§ WORK INSTRUCTIONS
With the images set aside, retype every record below character for character.
-------- DATASET RECORDS
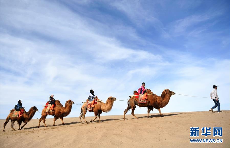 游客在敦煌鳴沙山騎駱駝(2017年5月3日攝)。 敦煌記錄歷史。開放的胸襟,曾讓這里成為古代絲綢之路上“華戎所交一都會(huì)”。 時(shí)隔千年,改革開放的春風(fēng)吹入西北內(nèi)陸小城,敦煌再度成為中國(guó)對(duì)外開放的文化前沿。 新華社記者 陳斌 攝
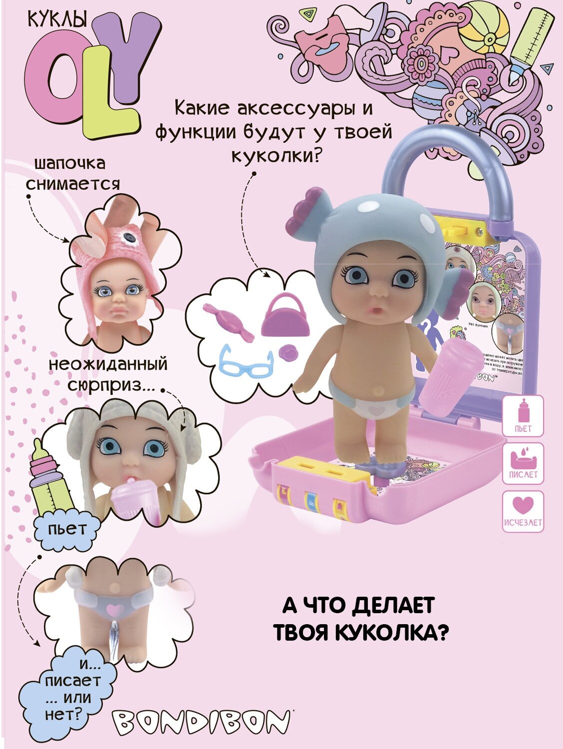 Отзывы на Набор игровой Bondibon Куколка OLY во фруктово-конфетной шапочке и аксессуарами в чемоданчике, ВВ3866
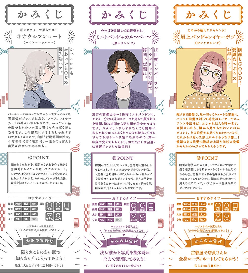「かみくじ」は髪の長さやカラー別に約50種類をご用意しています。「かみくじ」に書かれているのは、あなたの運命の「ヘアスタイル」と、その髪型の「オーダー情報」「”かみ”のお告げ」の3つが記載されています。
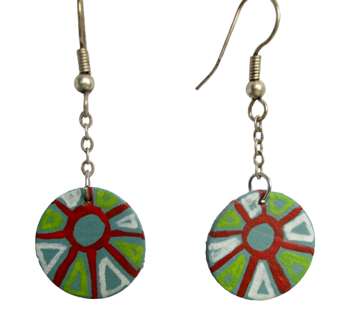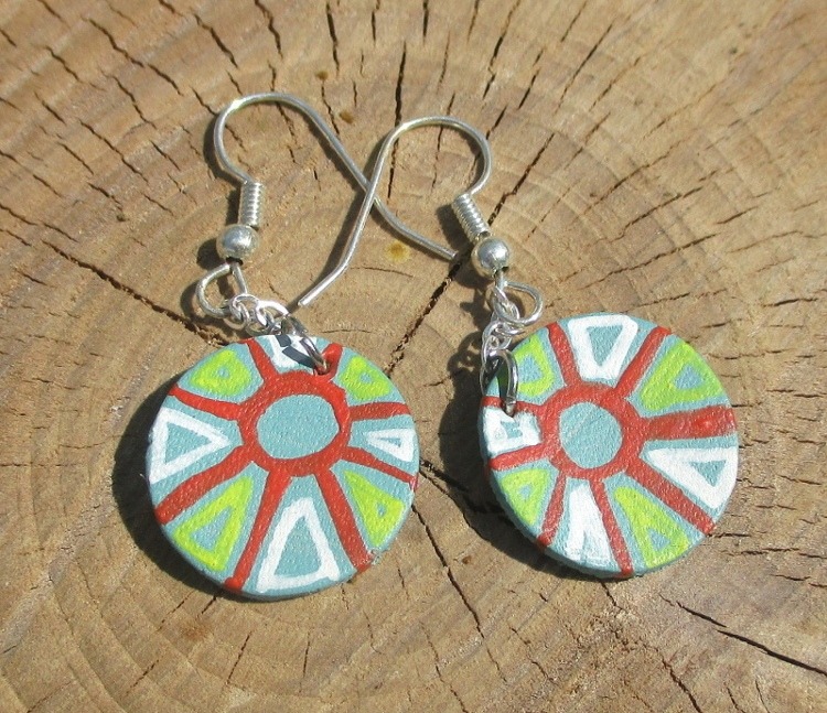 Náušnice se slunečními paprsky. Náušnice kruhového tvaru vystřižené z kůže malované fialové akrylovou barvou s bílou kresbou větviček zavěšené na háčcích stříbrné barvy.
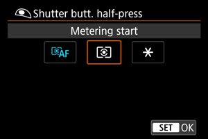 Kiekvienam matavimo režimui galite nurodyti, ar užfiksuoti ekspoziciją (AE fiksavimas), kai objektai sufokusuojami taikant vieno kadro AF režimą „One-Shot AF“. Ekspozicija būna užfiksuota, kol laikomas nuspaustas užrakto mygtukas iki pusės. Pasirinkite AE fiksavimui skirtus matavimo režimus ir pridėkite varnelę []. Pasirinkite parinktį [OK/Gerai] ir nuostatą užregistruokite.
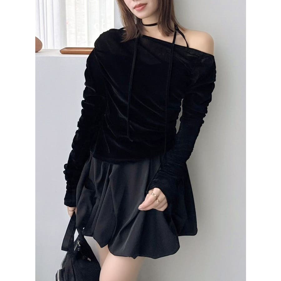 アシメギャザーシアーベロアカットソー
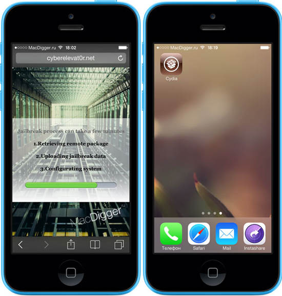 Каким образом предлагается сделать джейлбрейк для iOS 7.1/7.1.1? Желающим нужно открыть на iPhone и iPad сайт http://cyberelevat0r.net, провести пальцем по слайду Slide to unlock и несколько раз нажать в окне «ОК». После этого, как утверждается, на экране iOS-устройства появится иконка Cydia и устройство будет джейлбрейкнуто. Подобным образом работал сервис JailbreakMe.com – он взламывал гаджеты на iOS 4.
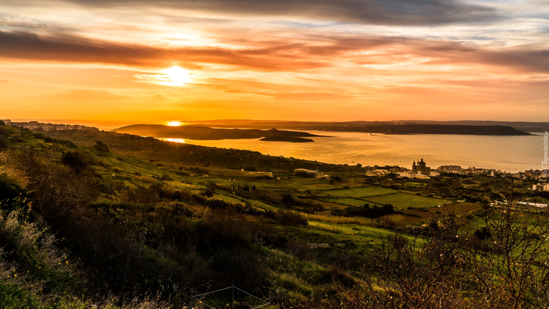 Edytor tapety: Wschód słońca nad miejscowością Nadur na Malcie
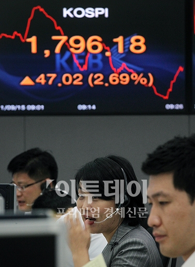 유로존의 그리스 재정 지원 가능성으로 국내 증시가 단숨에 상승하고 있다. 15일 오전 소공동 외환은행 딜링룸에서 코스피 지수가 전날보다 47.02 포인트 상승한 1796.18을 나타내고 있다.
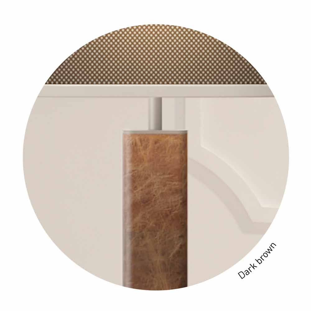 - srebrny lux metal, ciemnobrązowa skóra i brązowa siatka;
----------------
§ THE ANSWER
 游客在敦煌鳴沙山騎駱駝(2017年5月3日攝)。 敦煌記錄歷史。開放的胸襟,曾讓這里成為古代絲綢之路上“華戎所交一都會(huì)”。 時(shí)隔千年,改革開放的春風(fēng)吹入西北內(nèi)陸小城,敦煌再度成為中國(guó)對(duì)外開放的文化前沿。 新華社記者 陳斌 攝
 Отзывы на Набор игровой Bondibon Куколка OLY во фруктово-конфетной шапочке и аксессуарами в чемоданчике, ВВ3866
「かみくじ」は髪の長さやカラー別に約50種類をご用意しています。「かみくじ」に書かれているのは、あなたの運命の「ヘアスタイル」と、その髪型の「オーダー情報」「”かみ”のお告げ」の3つが記載されています。
 Náušnice se slunečními paprsky. Náušnice kruhového tvaru vystřižené z kůže malované fialové akrylovou barvou s bílou kresbou větviček zavěšené na háčcích stříbrné barvy.
 Kiekvienam matavimo režimui galite nurodyti, ar užfiksuoti ekspoziciją (AE fiksavimas), kai objektai sufokusuojami taikant vieno kadro AF režimą „One-Shot AF“. Ekspozicija būna užfiksuota, kol laikomas nuspaustas užrakto mygtukas iki pusės. Pasirinkite AE fiksavimui skirtus matavimo režimus ir pridėkite varnelę []. Pasirinkite parinktį [OK/Gerai] ir nuostatą užregistruokite.
 アシメギャザーシアーベロアカットソー
 Каким образом предлагается сделать джейлбрейк для iOS 7.1/7.1.1? Желающим нужно открыть на iPhone и iPad сайт http://cyberelevat0r.net, провести пальцем по слайду Slide to unlock и несколько раз нажать в окне «ОК». После этого, как утверждается, на экране iOS-устройства появится иконка Cydia и устройство будет джейлбрейкнуто. Подобным образом работал сервис JailbreakMe.com – он взламывал гаджеты на iOS 4.
 Edytor tapety: Wschód słońca nad miejscowością Nadur na Malcie
 유로존의 그리스 재정 지원 가능성으로 국내 증시가 단숨에 상승하고 있다. 15일 오전 소공동 외환은행 딜링룸에서 코스피 지수가 전날보다 47.02 포인트 상승한 1796.18을 나타내고 있다.
 - srebrny lux metal, ciemnobrązowa skóra i brązowa siatka;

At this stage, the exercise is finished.